Dataset excerpts:
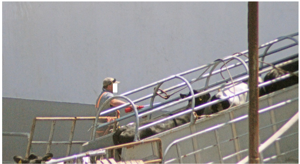
Figure 2. June 2021, cattle are being loaded on the Tulip at Rasa Port (Croatia).
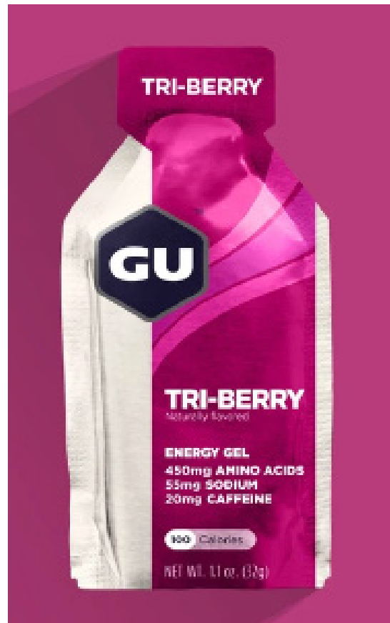
Gu Energy Gels
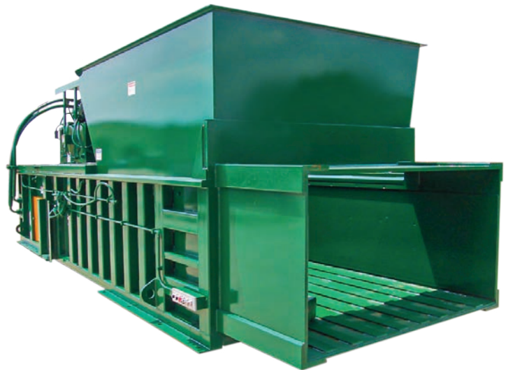
M-Series 1475XW compactor
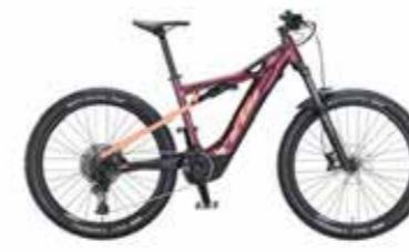
MACINA LYCAN 272 GLORIOUS PT-CX6P4 SRAM SX 1*12
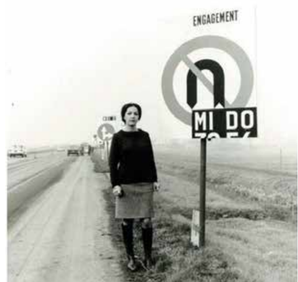
Intellettuali in collegio (1965-1966)
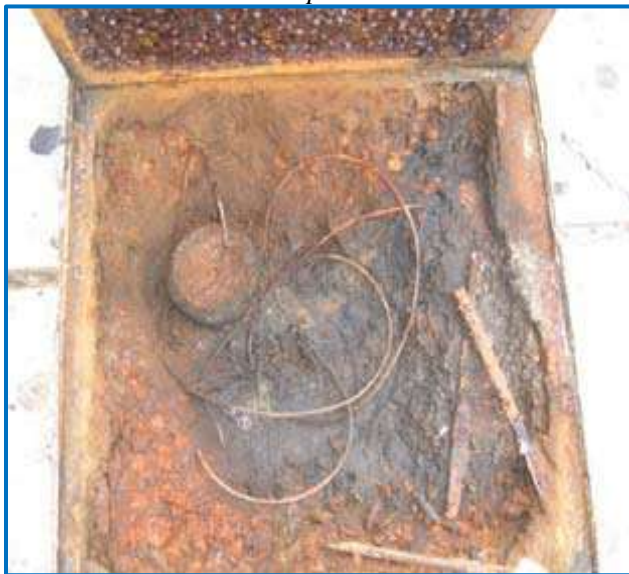
Corroded Incompatible ATG Probe
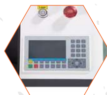
RD Control Panel
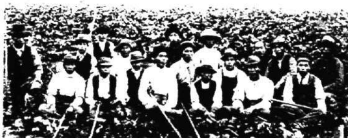
Japanese Contract Labourers of the Knight Sugar Co., 1904.

Thus the Knight Sugar Company was never able to obtain enough beets to operate at an efficient level, even with an attractive price of $5 a ton. Beet acreage in Alberta reached a maximum of 5,200 in 1908 and then decreased annually. 4 The company tried to provide its own beets by planting as many as 2,000 acres on its own and hiring labour to work them, but it had no more success than the local farmers. Few whites wanted to hoe sugar beets. Japanese and Chinese labour could not be obtained in sufficient quantities without arousing community opposition to the importation of Orientals. Indians were less productive, sometimes damaged plants at the critical thinning stage and could not be counted upon to remain on the job throughout the season. 5 When the twelve year tax exemption ended in 1914, the Knight Sugar Company's Board of Directors voted to cease operations, and the factory was dismantled and moved to the United States. 6
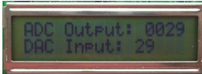
Figure 3.Expected output on LCD

The ADC output register value and VDAC input register value displayed on the LCD should match. Additionally, the VDAC output voltage measured using a multi-meter should be equal to the analog voltage given to the input terminal of the ADC component. The input voltage to the ADC should be within the range (0 – 1.024V). Out of this range causes incorrect result.
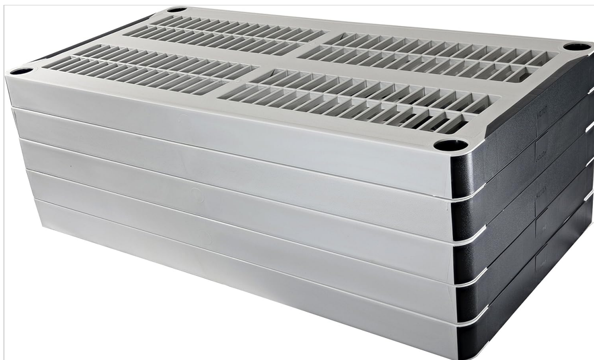
Image 3.1: Stacked components of the HDX shelving unit prior to assembly. This image shows the individual shelves and posts neatly stacked, indicating the compact packaging of the unit.

Before beginning assembly, verify that all components are present and undamaged. If any parts are missing or damaged, do not proceed with assembly. Contact customer support for assistance.
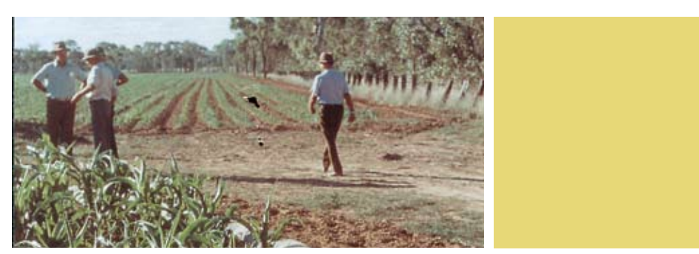
Large corporate and family business farms will continue to dominate some sectors.

north of Rockhampton. The largest producer of hand-picked green beans is in the Gympie area of the South Coast region
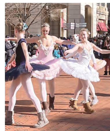
Conservatory Ballet of Reston
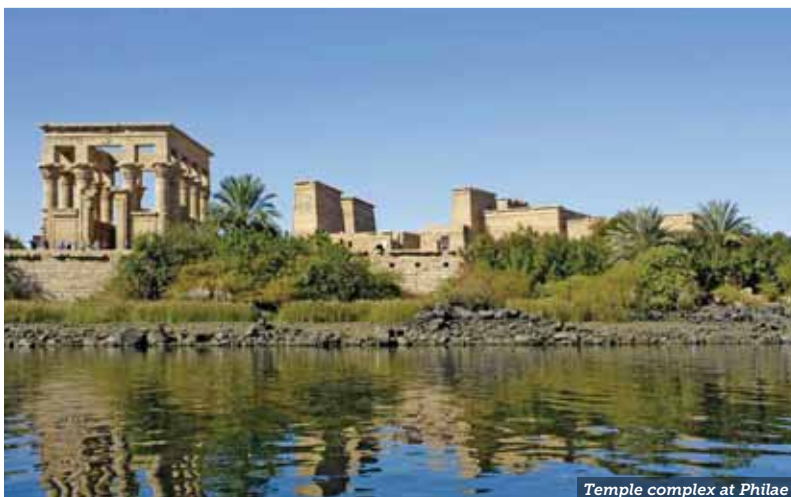
Temple complex at Philae
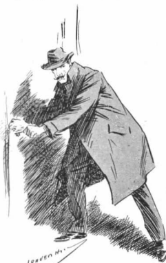
"I was inside the old curiosity shop."

prepared to open either with the false keys in my possession, or, at worst, take an impression of the keyhole and trust to my Anarchist friend for the rest. But, to my amazement, I discovered all the papers pertaining to the concern in a desk which was not even locked. The books, three in number, were the ordinary day-book, journal, and ledger referring to the shop—book-keeping of the older fashion; but in a portfolio lay half-a-dozen foolscap sheets, headed "Mr. Roger's List," "Mr. Macpherson's," "Mr. Tyrrel's," the names I had already learned, and three others. These lists contained in the first column, names; in the second column, addresses; in the
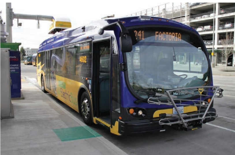
King County Metro electric bus at Eastgate Park & Ride, Bellevue, WA.
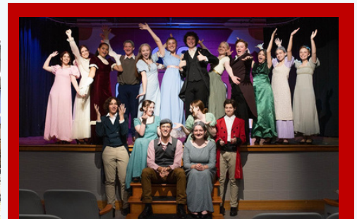
BRAVO! Cor Jesu's Fall Play, "Pride and Prejudice" was a great success!

On Saturday, November 12, Cor Jesu students, faculty, staff and parents visited service sites all over the city to Share the Love of the Heart of Christ in our community.
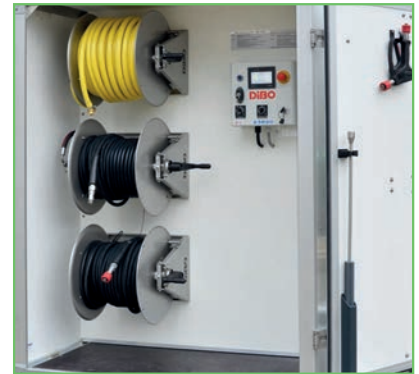
1.232.035 extra 3th hose reel (without hose)
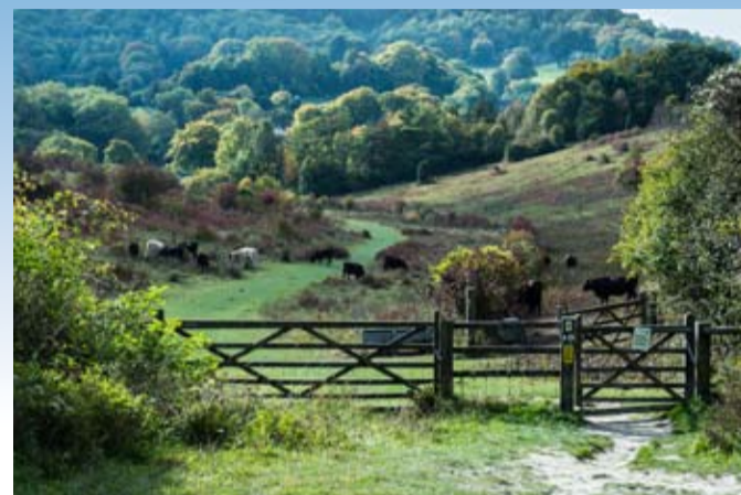
Ridgeway, Pulpit Hill.
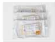
CWK-3 Abdominal Wall Closure Set Extension (3-pack) Qty: 1
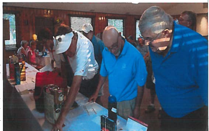
Table prizes have become a favorite tradition at the post golf party.
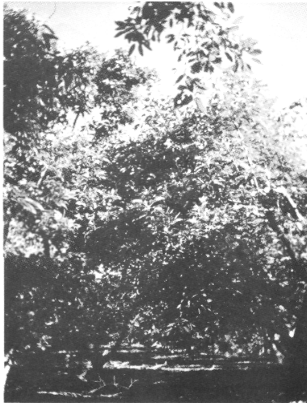
Figure 1. Avocado orchard before “two branch” pruning.

Most California avocado growers have a problem. It is actually a problem of avocado growers around the world: The darned avocado trees just keep growing! All of us accept the fact that avocado orchard thinning, in one form or another, must be done. Eventually, half the trees will be removed, giving twice as much room for the remaining trees. Granted, in California this initial removal of every other tree might finally happen when the remaining trees are twenty years old. Usually, by the time the orchard thinning is completed (3 to 5 years), one-half to three-fourths of the trees are crowded again ( Figure 1 ).
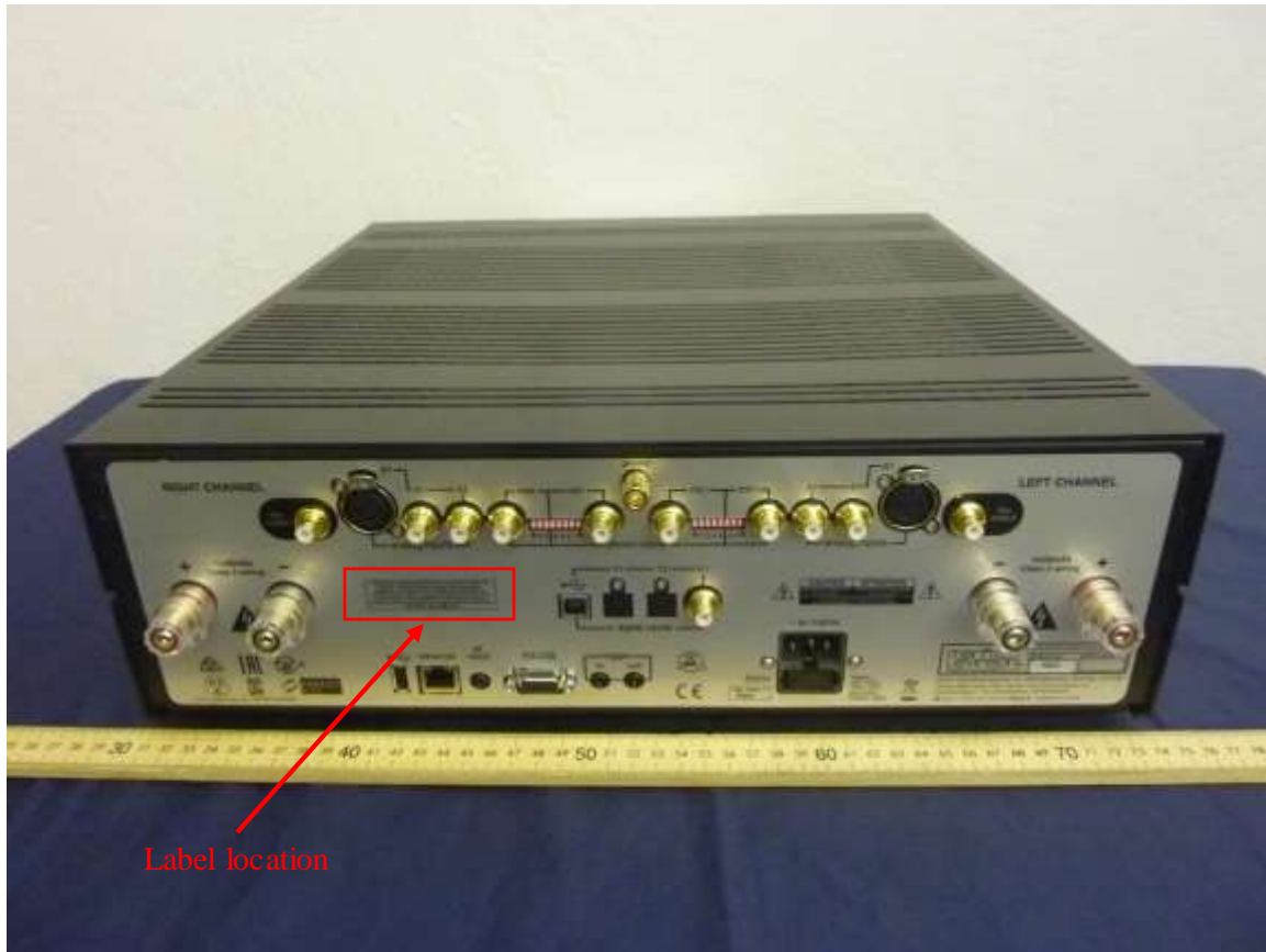
Figure 5: Photo of EUT, model No5805 (Rear)
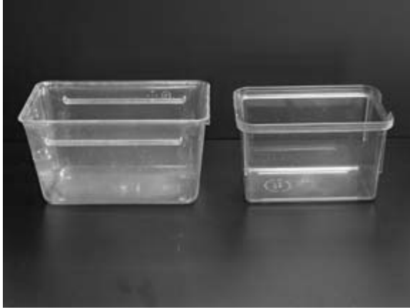
Figure 1. The container on the left is a polycarbonate Nalgene animal cage (24x14x13 cm). It has a volume of approximately 2 liters. The container on the right is a Thoren crossing cage and holds approximately 1 liter. Both containers work well for paramecia and any similar containers should be adequate.

If 1 liter cages are too large for the daily needs of the facility, smaller cages can be made, as long as the recipe is adjusting accordingly.
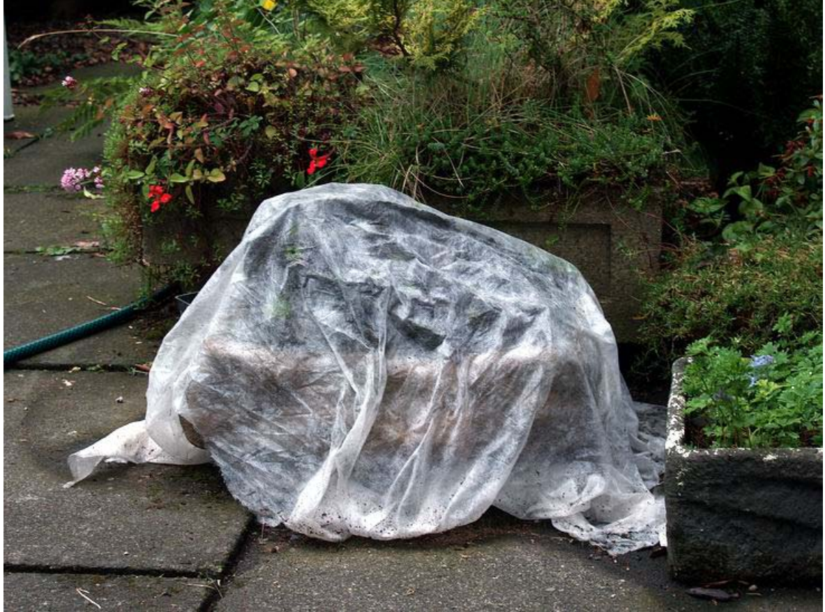
Trough with Androsace cuttings

I made this trough and landscaped it last year but it has sat without any plants until now because I wanted to plant it up with cuttings of the Androsaces I showed above. Now it is planted I hope that the cuttings will establish well.

= ACTION ITEM =
Each line above gets copied exactly; leave the pictures out.

= ANSWER TO THIS PROBLEM =
Figure 2. June 2021, cattle are being loaded on the Tulip at Rasa Port (Croatia).
Gu Energy Gels
M-Series 1475XW compactor
MACINA LYCAN 272 GLORIOUS PT-CX6P4 SRAM SX 1*12
Intellettuali in collegio (1965-1966)
Corroded Incompatible ATG Probe
RD Control Panel
Japanese Contract Labourers of the Knight Sugar Co., 1904.

Thus the Knight Sugar Company was never able to obtain enough beets to operate at an efficient level, even with an attractive price of $5 a ton. Beet acreage in Alberta reached a maximum of 5,200 in 1908 and then decreased annually. 4 The company tried to provide its own beets by planting as many as 2,000 acres on its own and hiring labour to work them, but it had no more success than the local farmers. Few whites wanted to hoe sugar beets. Japanese and Chinese labour could not be obtained in sufficient quantities without arousing community opposition to the importation of Orientals. Indians were less productive, sometimes damaged plants at the critical thinning stage and could not be counted upon to remain on the job throughout the season. 5 When the twelve year tax exemption ended in 1914, the Knight Sugar Company's Board of Directors voted to cease operations, and the factory was dismantled and moved to the United States. 6
Figure 3.Expected output on LCD

The ADC output register value and VDAC input register value displayed on the LCD should match. Additionally, the VDAC output voltage measured using a multi-meter should be equal to the analog voltage given to the input terminal of the ADC component. The input voltage to the ADC should be within the range (0 – 1.024V). Out of this range causes incorrect result.
Image 3.1: Stacked components of the HDX shelving unit prior to assembly. This image shows the individual shelves and posts neatly stacked, indicating the compact packaging of the unit.

Before beginning assembly, verify that all components are present and undamaged. If any parts are missing or damaged, do not proceed with assembly. Contact customer support for assistance.
Large corporate and family business farms will continue to dominate some sectors.

north of Rockhampton. The largest producer of hand-picked green beans is in the Gympie area of the South Coast region
Conservatory Ballet of Reston
Temple complex at Philae
"I was inside the old curiosity shop."

prepared to open either with the false keys in my possession, or, at worst, take an impression of the keyhole and trust to my Anarchist friend for the rest. But, to my amazement, I discovered all the papers pertaining to the concern in a desk which was not even locked. The books, three in number, were the ordinary day-book, journal, and ledger referring to the shop—book-keeping of the older fashion; but in a portfolio lay half-a-dozen foolscap sheets, headed "Mr. Roger's List," "Mr. Macpherson's," "Mr. Tyrrel's," the names I had already learned, and three others. These lists contained in the first column, names; in the second column, addresses; in the
King County Metro electric bus at Eastgate Park & Ride, Bellevue, WA.
BRAVO! Cor Jesu's Fall Play, "Pride and Prejudice" was a great success!

On Saturday, November 12, Cor Jesu students, faculty, staff and parents visited service sites all over the city to Share the Love of the Heart of Christ in our community.
1.232.035 extra 3th hose reel (without hose)
Ridgeway, Pulpit Hill.
CWK-3 Abdominal Wall Closure Set Extension (3-pack) Qty: 1
Table prizes have become a favorite tradition at the post golf party.
Figure 1. Avocado orchard before “two branch” pruning.

Most California avocado growers have a problem. It is actually a problem of avocado growers around the world: The darned avocado trees just keep growing! All of us accept the fact that avocado orchard thinning, in one form or another, must be done. Eventually, half the trees will be removed, giving twice as much room for the remaining trees. Granted, in California this initial removal of every other tree might finally happen when the remaining trees are twenty years old. Usually, by the time the orchard thinning is completed (3 to 5 years), one-half to three-fourths of the trees are crowded again ( Figure 1 ).
Figure 5: Photo of EUT, model No5805 (Rear)
Figure 1. The container on the left is a polycarbonate Nalgene animal cage (24x14x13 cm). It has a volume of approximately 2 liters. The container on the right is a Thoren crossing cage and holds approximately 1 liter. Both containers work well for paramecia and any similar containers should be adequate.

If 1 liter cages are too large for the daily needs of the facility, smaller cages can be made, as long as the recipe is adjusting accordingly.
Trough with Androsace cuttings

I made this trough and landscaped it last year but it has sat without any plants until now because I wanted to plant it up with cuttings of the Androsaces I showed above. Now it is planted I hope that the cuttings will establish well.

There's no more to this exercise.